The threat of cyber-attacks and cyber warfare is growing each day, and we see every day that utilities are not taking the necessary steps to protect their network. This topic is one that is constantly being discussed, but many times, no changes are being implemented. The two most common reasons are that many utilities do not grasp the reality that it could happen to them or the cost seems prohibitive to protect and monitor their system.
Threats to SCADA systems include but are not limited to:
Employee Error: Employees are a common cause of network security issues. While it is possible to suffer the wrath of a disgruntled employee, most commonly, network security issues caused by employees are unintentional and can many times be attributed to poor training, carelessness, or a combination of both. With proper training for employees and an active culture of vigilance, you can help your organization reduce issues caused by employee error.
Malware: Malware includes viruses, spyware, and an array of other malicious programs.

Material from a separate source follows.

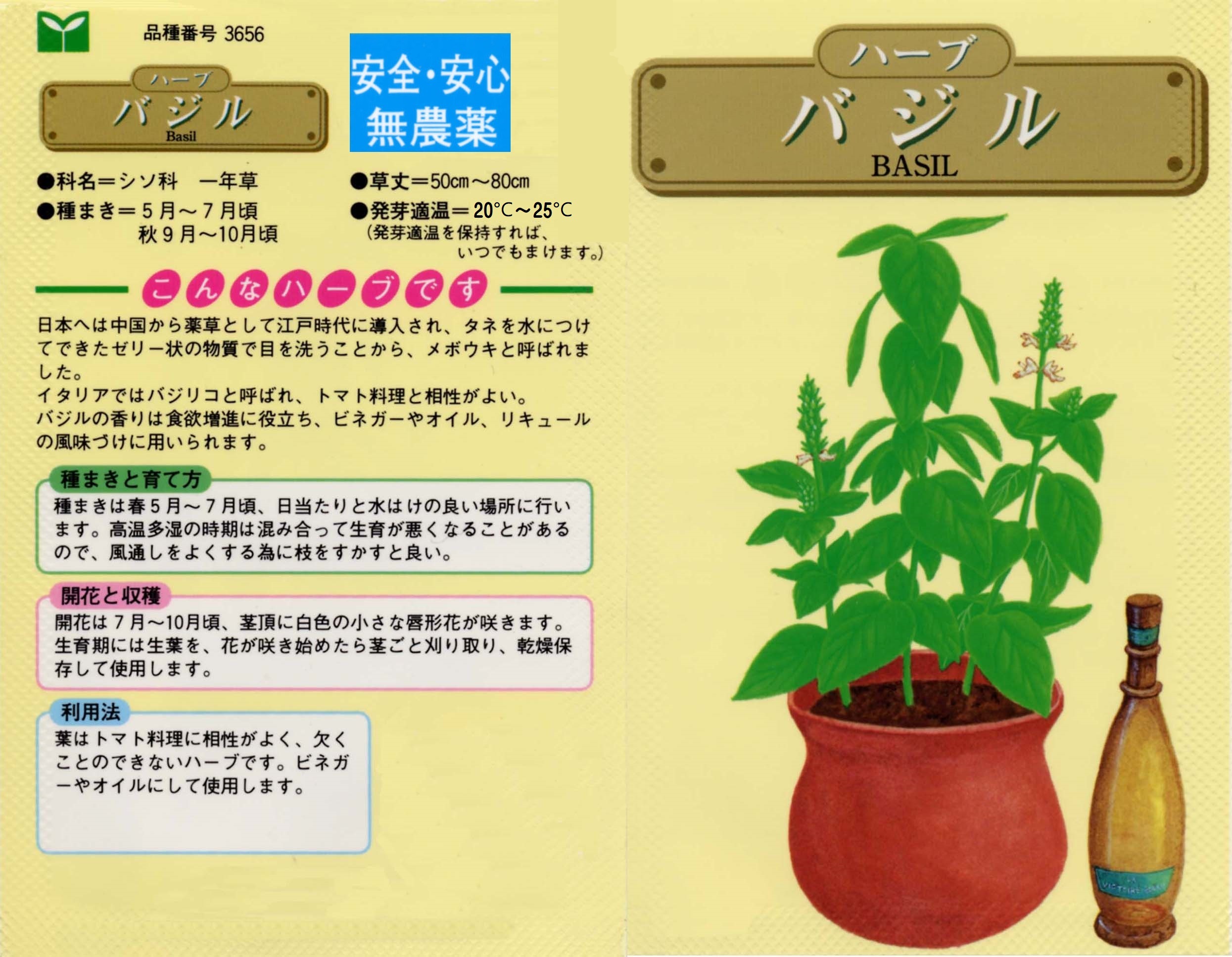 ハーブ 写真をクリックすると拡大します 【商品№】 3656【内容量】 1㎖【税込価格】¥330 バジル ハーブの王様 ハーブ類の中で最も有名なバジルは、インドや熱帯アジア原産のシソ科の一年草です。株全体に甘い香りとほのかな辛味があり、いろいろな料理に利用されています。ビタミンやミネラルが豊富で、香り成分には鎮静作用、食欲増進、抗菌作用があるとされています。 【栽培のポイント】 密植しすぎると風通しが悪くなり、病害虫の発生を招くので注意しましょう。 鉢栽培ではサイズが小さすぎると生育が悪く、下葉から枯れることがあります。 好光性種子ですので、種まき後の土は薄くかけるようにしましょう。 国産無農薬種子 国産無農薬種子(草花) 無農薬種子(葉物野菜) 無農薬種子(根物野菜) 無農薬種子(実物野菜) 楽しい野菜・珍しい野菜 郷土の野菜・伝統野菜 中国野菜 ハーブ 緑のカーテン スプラウト種子 ベビーリーフ種子 昭和の野菜

These programs may not necessarily target SCADA, but because the SCADA network is not separated or protected, they are able to traverse over the entire network, thusly affecting the SCADA system.
Hackers: Intentional, malicious individuals or groups that are intent on gaining access to the network. These hackers could also use this data against you. By manipulating data or gaining complete control of your SCADA systems, serious harm can be caused to services, customers, and the entire operation.

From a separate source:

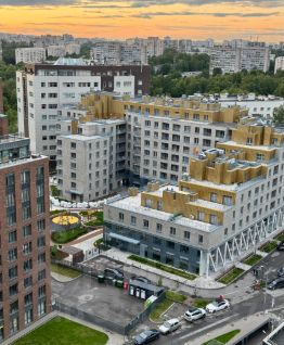 Двор без машин. Для автовладельцев предусмотрен подземный паркинг и отдельная парковочная зона за шлагбаумом.

"Using a combination of security policies and controls to adequately secure today’s systems is critical to your organization’s operation"
So what can you do:
The first step utilities need to take is documentation of your network connections to the internet. Any and all internal networks must be properly documented. All hardware, software, firmware, and applications need to be part of that documentation. All users, including outside vendors that have access to these systems, should also be documented. It is vital that utilities create and maintain accurate and thorough documentation of all connections to, pieces of, and access to their network.
In most cases, SCADA systems lack adequate monitoring and detection systems, making them vulnerable to attacks from external and internal sources. Setting up monitoring and detection controls is the next step in protecting your SCADA system. There are many different types of monitoring and detection software on the market. Selecting the software that is best for your particular operation can be a difficult task. We suggest that you work closely with network professionals to evaluate your specific network needs.
Once you have documented and set up adequate monitoring and detection systems, you can then begin to segment the network. Segmenting the network should be used to separate other business systems that are running on the same network as the SCADA system. Due to the fact that attacks are increasingly exploiting both physical and cyber vulnerabilities, it is important to align physical security and cybersecurity processes. Application whitelisting, firewalls, and gateways are all ways to build a defensive perimeter around your SCADA systems.
Security is also something that is in continual motion. Rules, security checks, report monitoring, and standardized processes must be instituted and utilized by everyone who has access to the SCADA system and all other connected networks. Regular evaluations must also be performed for vulnerability, risk, and all assets in general. These assessments should be conducted on a regular basis to verify that security measures are adapting to the changing threats on the IT landscape.
Using a combination of security policies and controls to adequately secure today’s systems is critical to your organization’s operation. Understanding common weaknesses, creating and implementing an action plan to bring security to an acceptable level, and employing standardized processes will minimize the risk posed by an increasingly hostile Internet environment.